Parenthood provides purpose, said Marlow, recalling Viktor Frankl’s thesis in the latter’s Holocaust memoir, Man’s Search for Meaning:

If you believe the Viktor Frankl axiom that man’s ultimate purpose is to find meaning as opposed to pleasure — I guess that’s the Freudian side — then it’s a total no-brainer. Immediately, the sense of responsibility comes in, and it really overwhelms you, but the thing is that even for the Freudian side, it has been so fun every day. If you have not had the pleasure of making your baby laugh, then I feel like you’re really [and] truly missing out, and I feel like as a society, we’ve kind of gone a little backwards at this point, where we focus so much on career early on, in those key childbearing years for women, in particular, and [in years] where men are very high-energy and can do things late into the night or early in the morning, and I do think we’re kind of a little bit off-kilter here.

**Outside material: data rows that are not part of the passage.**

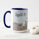 This pretty mug features my original photograph of cute sea gull birds on the beach, one of them has its beak open as if talking to another. Processed in an animated technique for a comic style. The left side of the mug has the words "Spill it!" for the slang of spill the tea or give me the scoop and the right side of the mug has the bird with its beak open, and the words "So I said..." for a cute beach style comic strip. You can click through the mug images to see the right side. The handle and inside of the cup are a blue tone to complement the artwork.
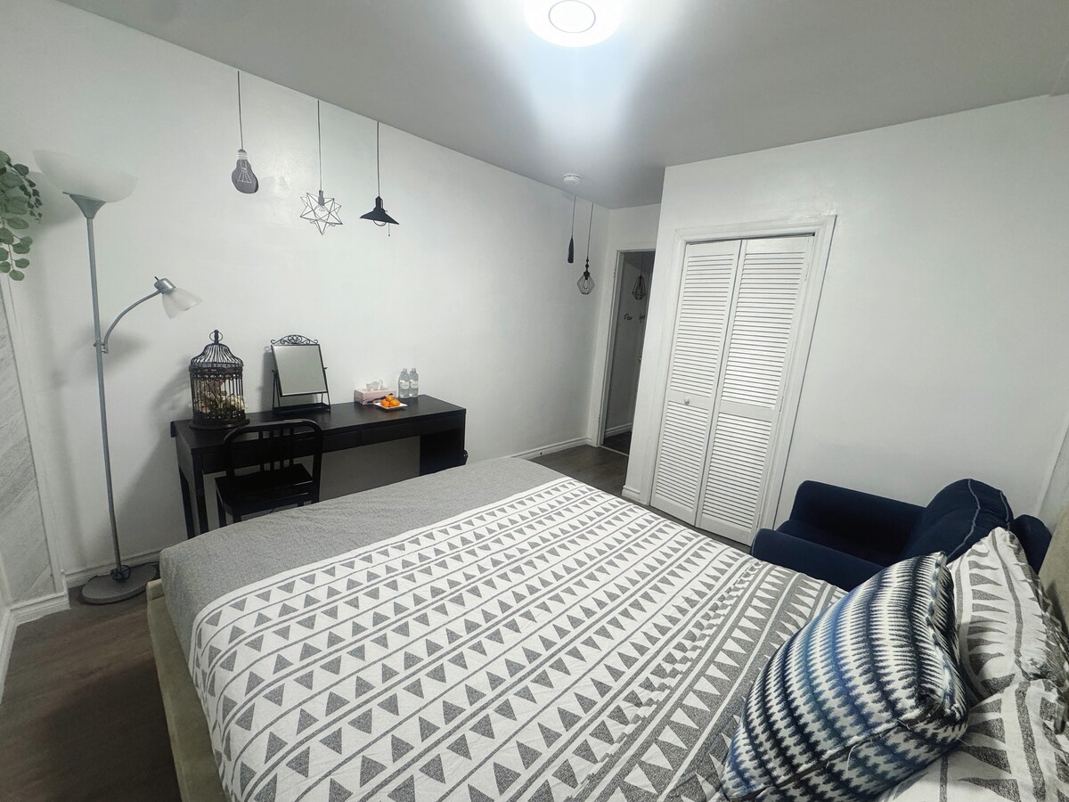 Gražus ir erdvus pagrindinis miegamasis su atskiru vonios kambariu. Patogiai įsikūręs prie Yorkdale prekybos centro, metro stoties, autobusų maršrutų, restoranų, bankų, jungiantis su visais patogumais vos už kelių minučių kelio pėsčiomis. Neseniai renovuotas namas su naujais baldais, virtuve, miegamuoju, vonios kambariu. Naujas putų čiužinys/pagalvės. Gali būti įrengta nemokama stovėjimo vieta. Nemokama kava, arbata ir didelės spartos Wi-Fi. Puikiai tinka poilsiui, alternatyvai darbui iš namų, verslui ir šeimoms.
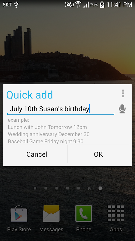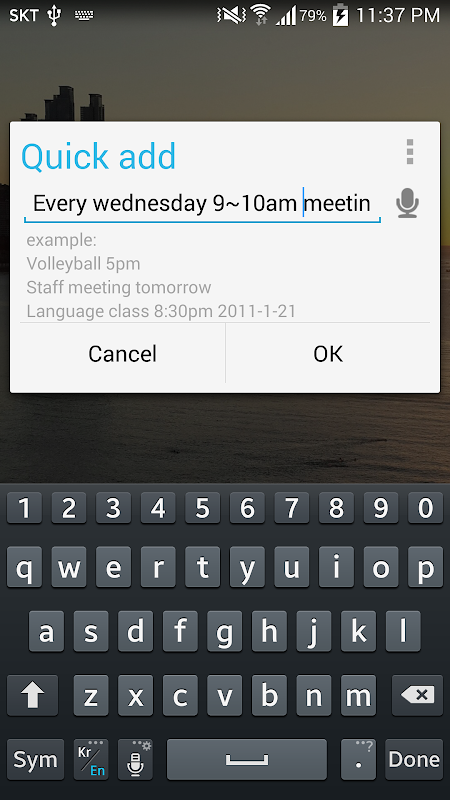 Add Rápida é um utilitário impressionante que ajuda a adicionar um novo evento em um piscar de olhos. Com Add Rápida, você pode adicionar um novo evento com texto ou com sua voz. O nosso motor de análise de linguagem natural compreende vários formatos de data / hora e faz a adição de um novo evento mais fácil do que nunca. Também nós fornecemos vários ajustes, tais como calendário padrão, lembrança personalizada, etc
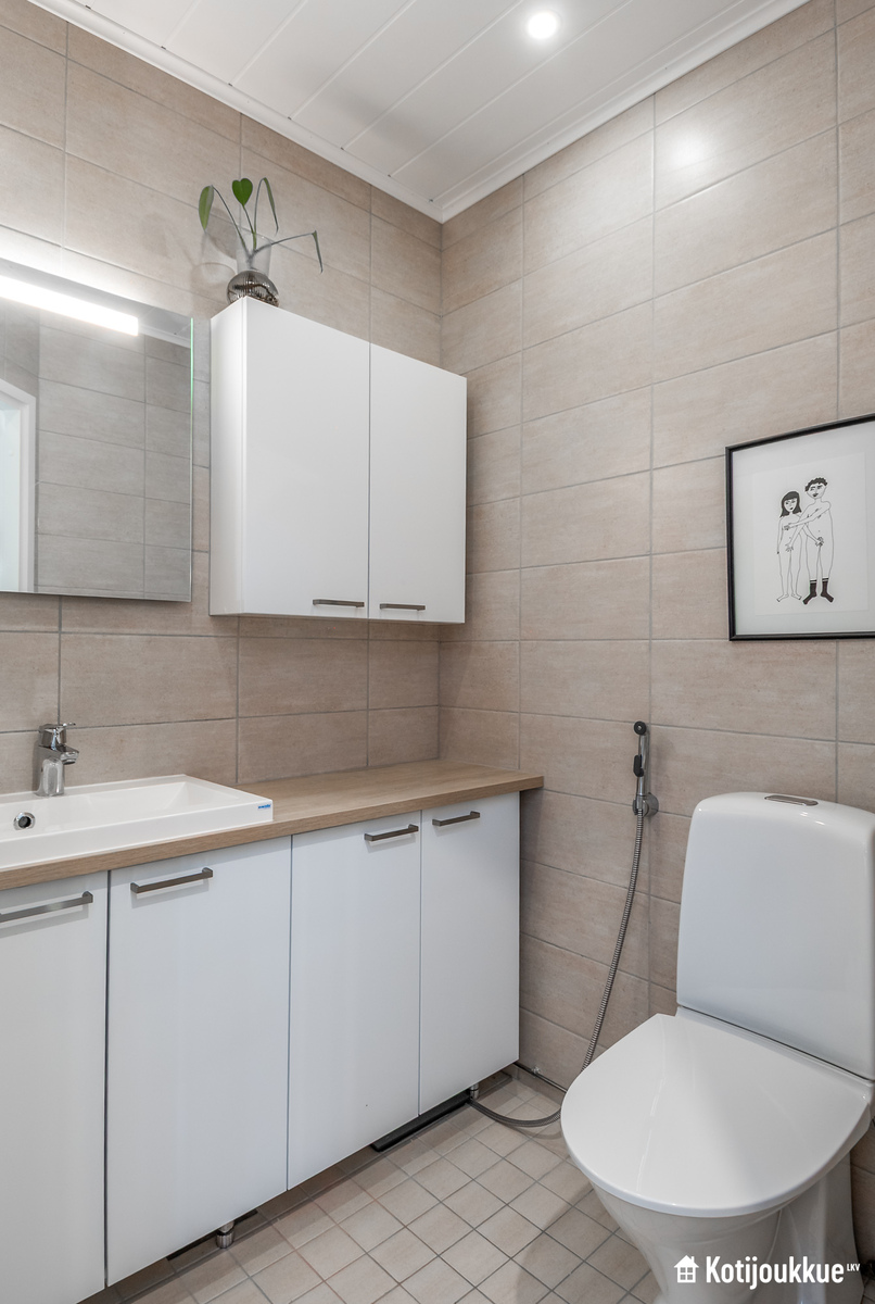Hyväkuntoinen kylpyhuone lattialämmityksellä.
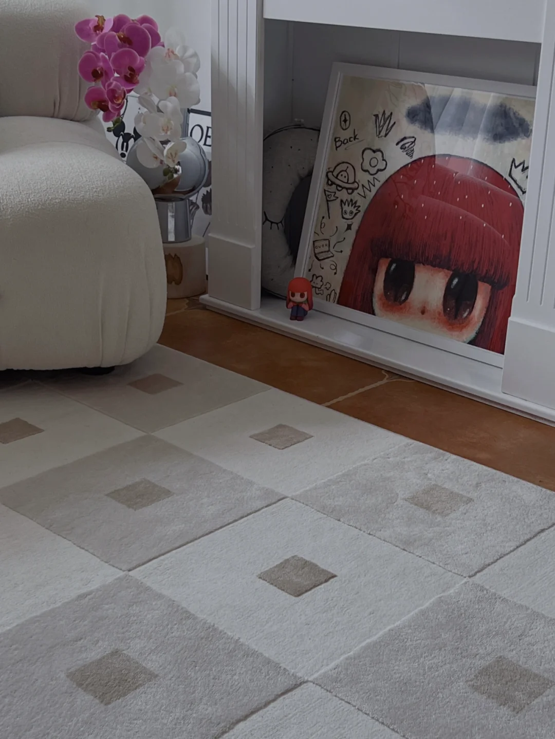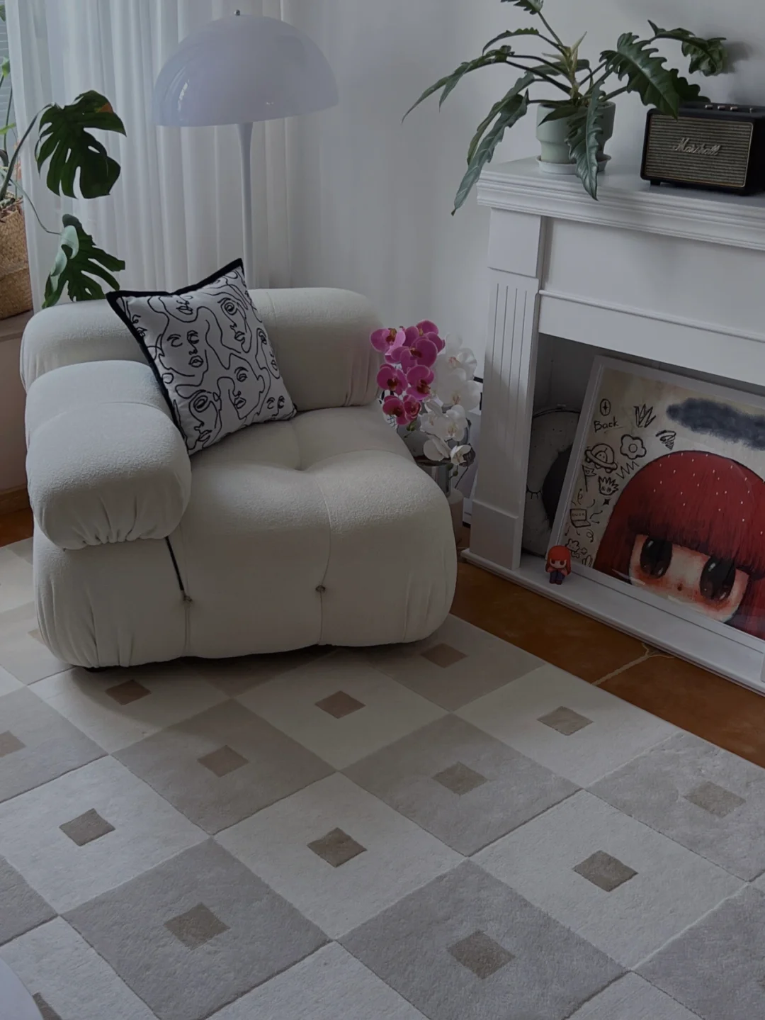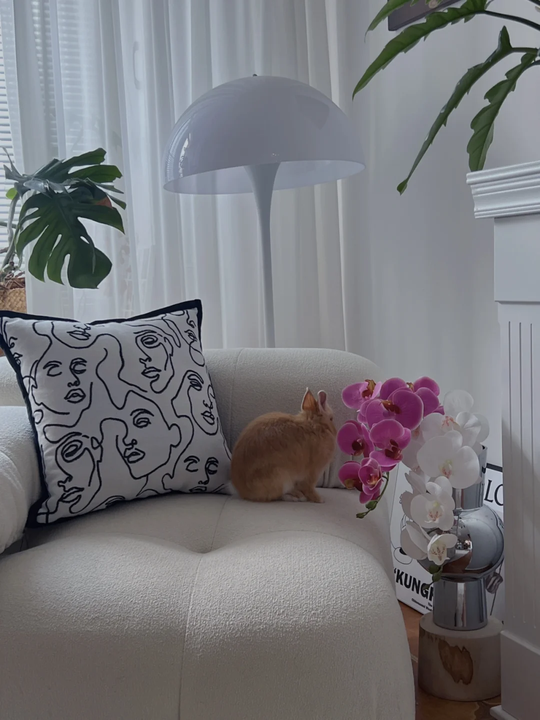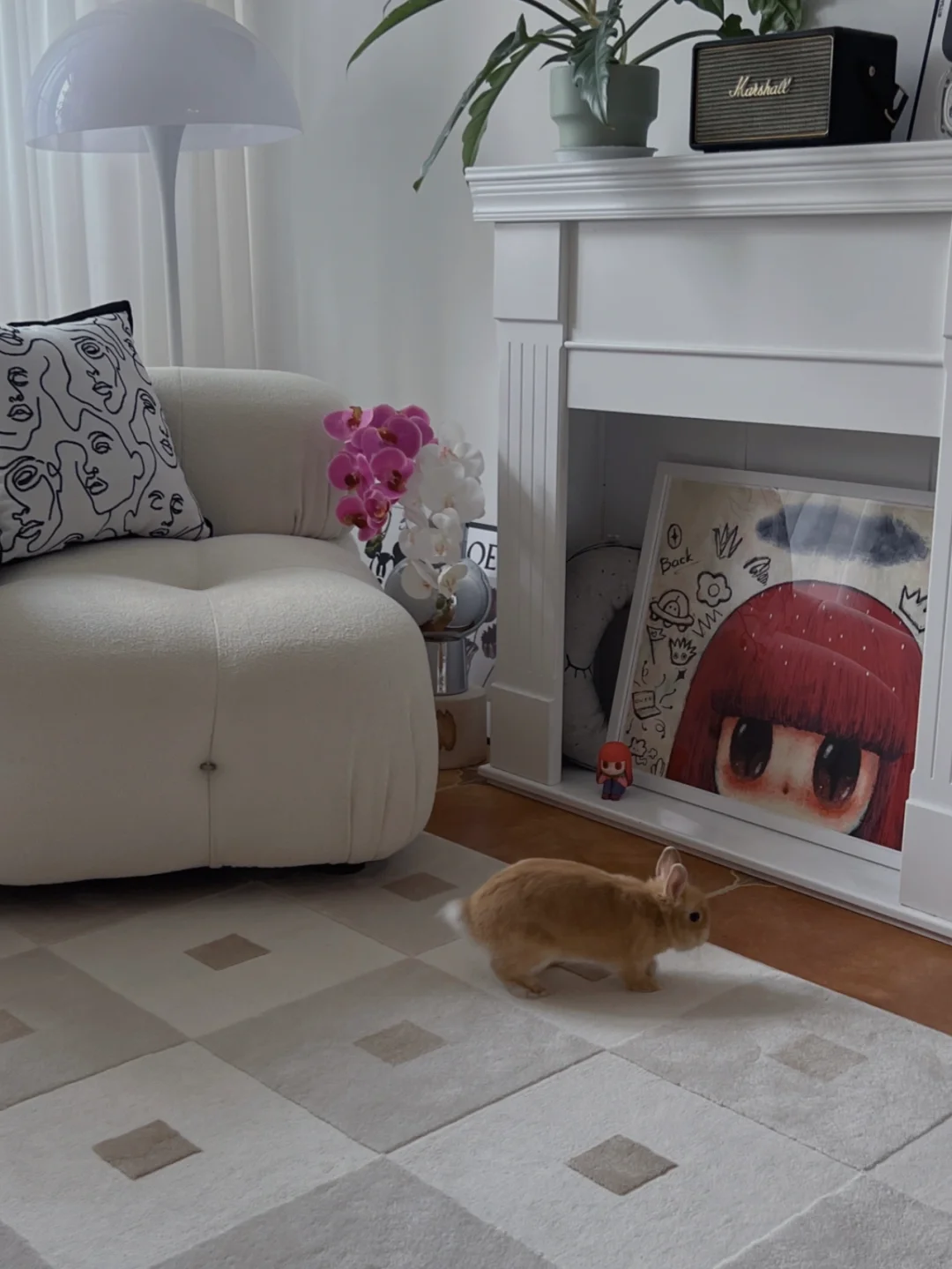独居的家,有兔子妹妹🐰陪伴。 侏儒兔是超级爱干净的小动物,潜移默化我也养成了勤打扫的好习惯。持续一周的雨终于停了,把绿植搬到飘窗通风晒晒太阳☀~ 客厅换上新的格子地毯,很喜欢的方块配色,丰富了视觉上的立体感,手感柔顺。兔子因为脚底不像猫狗那样有肉垫,所以一定要铺地毯来保护,它最喜欢在客厅地毯和单人沙发上玩耍。 单人沙发是它的地盘,我的活动区域移动到皮沙发上,茶几是自己diy。下午阳光洒进客厅那一刻是最美好时光。 🏷 地毯:碧兰旗舰店 🏷 抱枕:TEXDREAM态度
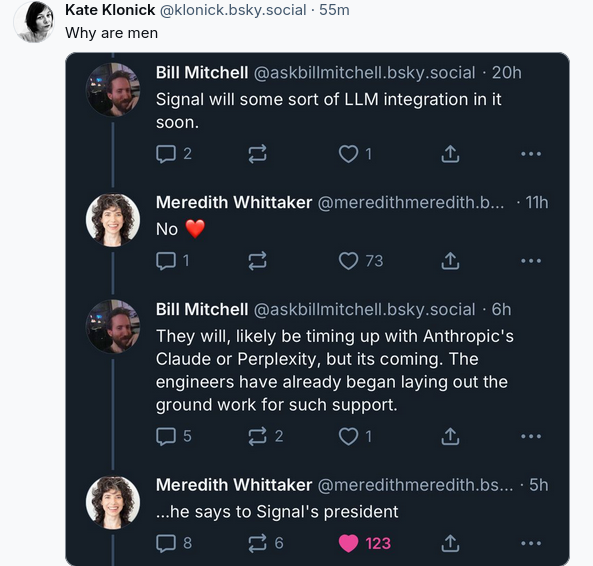 arrow-up1152arrow-down1external-linkGuy explains to CEO of Signal (messaging) that it's going to add "AI" to the service. She says no. He insists, not knowing or caring who he's talking down to.mastodon.socialLemminary@lemmy.world to Confidently Incorrect@lemmy.world · 5 months agomessage-square1fedilinkfile-text
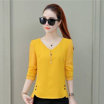 Women Spring Autumn Style Chiffon Blouses Shirts Lady Casual Long Sleeve V-Neck Blusas Tops DF1963
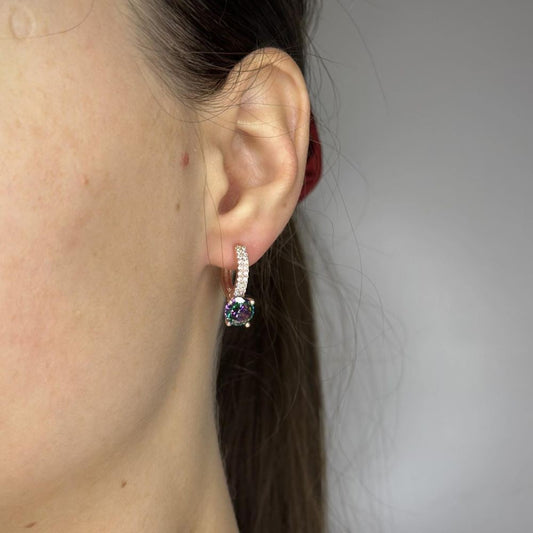 Sidabriniai rodžiuoti angl. užsegimu auskarai su spalvotu cirkoniu
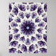 Mandala poster de flores con un patrón caleidoscópico creado a partir de una acuarela y un dibujo de tinta de una flor de loto abstracta en azul, violeta y negro.

I’m trying to use the platforms I have to encourage people to start earlier because my wife’s a medical doctor, and she’s 32, and we’re already thinking about biological clocks because after 35 it becomes more dangerous [to conceive and bear children] and exponentially so after 40, if it’s even possible.

Contemporary Western society’s broad postponement of marriage and child-rearing relative to the norms of human history is a “problem,” assessed Marlow.

“I think society, particularly Judeo-Christian communities, I really think we need to start encouraging younger people to get married and start families earlier on, even if you’re not as far along in that career as you want,” estimated Marlow. “I think this kind of goes hand-in-hand with the broken education system, where we’re all coming out with huge amounts of debts, and it’s slowing the start of families, and that’s a problem to me.”

“I agree with every word you said,” replied Prager.